Problem details:
For the entries below, repeat exactly each line starting with the one that contains "Inspired by the" and going on through the one that contains "SetPower 12V fridge", and no others.

┌─ Data to process

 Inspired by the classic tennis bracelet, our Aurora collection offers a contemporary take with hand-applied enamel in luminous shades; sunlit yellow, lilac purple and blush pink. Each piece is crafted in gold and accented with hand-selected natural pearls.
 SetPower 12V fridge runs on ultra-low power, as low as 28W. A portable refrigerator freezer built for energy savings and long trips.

└─
┌─ Data to process

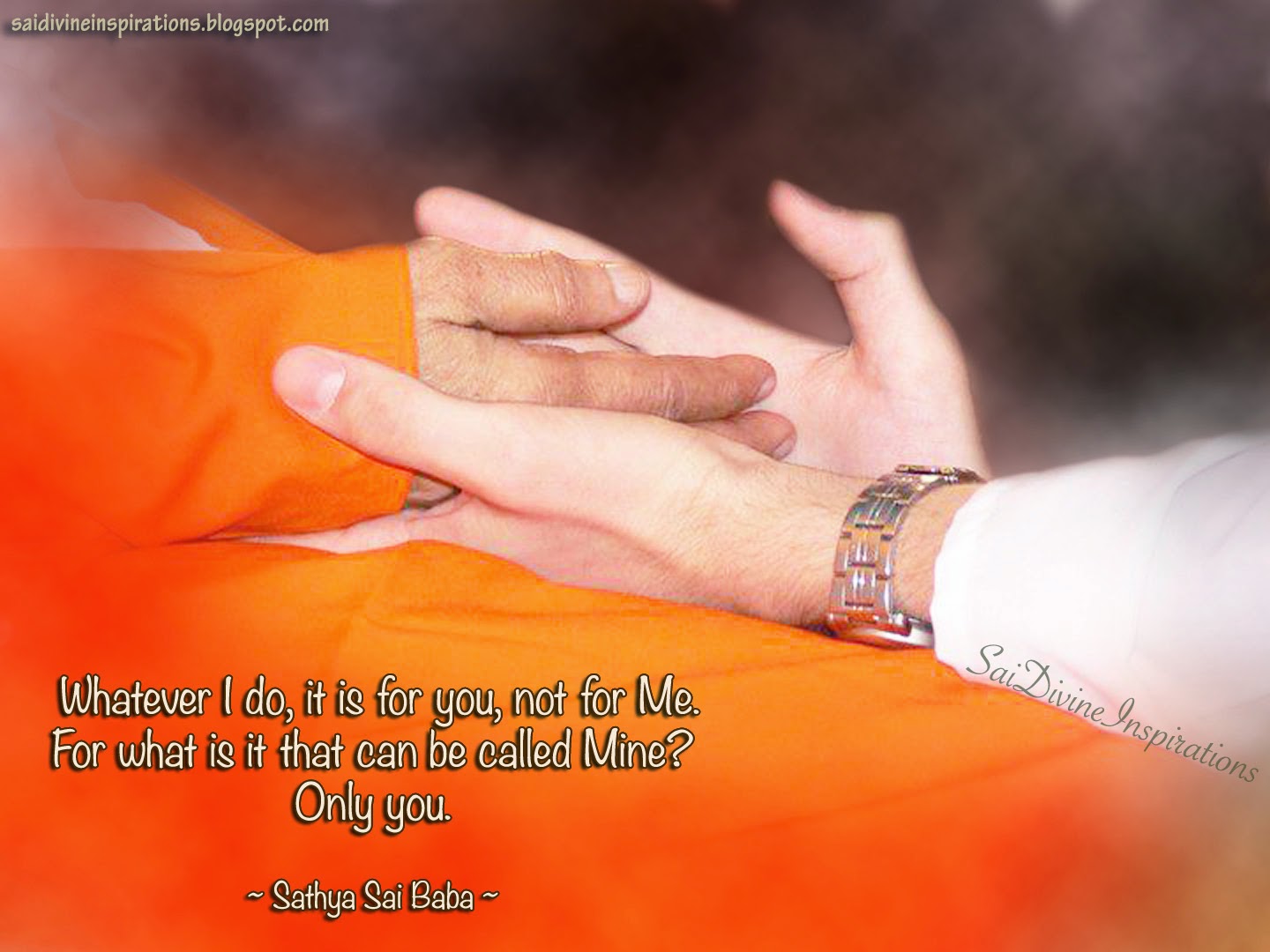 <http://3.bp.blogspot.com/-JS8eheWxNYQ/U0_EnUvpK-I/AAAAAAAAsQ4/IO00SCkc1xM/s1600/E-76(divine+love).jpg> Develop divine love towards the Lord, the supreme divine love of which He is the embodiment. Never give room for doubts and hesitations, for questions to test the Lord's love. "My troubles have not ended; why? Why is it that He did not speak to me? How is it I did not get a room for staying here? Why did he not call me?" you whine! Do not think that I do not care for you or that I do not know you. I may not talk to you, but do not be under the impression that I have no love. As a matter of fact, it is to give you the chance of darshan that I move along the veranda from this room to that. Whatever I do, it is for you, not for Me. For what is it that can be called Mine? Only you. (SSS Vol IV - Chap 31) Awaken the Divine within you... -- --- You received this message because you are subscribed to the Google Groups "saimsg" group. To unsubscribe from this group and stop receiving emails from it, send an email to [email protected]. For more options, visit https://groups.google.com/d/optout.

└─
┌─ Data to process

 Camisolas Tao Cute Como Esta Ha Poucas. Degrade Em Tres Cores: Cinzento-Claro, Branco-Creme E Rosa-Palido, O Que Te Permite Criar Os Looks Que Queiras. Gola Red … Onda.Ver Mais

└─

Response to the task:
 Inspired by the classic tennis bracelet, our Aurora collection offers a contemporary take with hand-applied enamel in luminous shades; sunlit yellow, lilac purple and blush pink. Each piece is crafted in gold and accented with hand-selected natural pearls.
 SetPower 12V fridge runs on ultra-low power, as low as 28W. A portable refrigerator freezer built for energy savings and long trips.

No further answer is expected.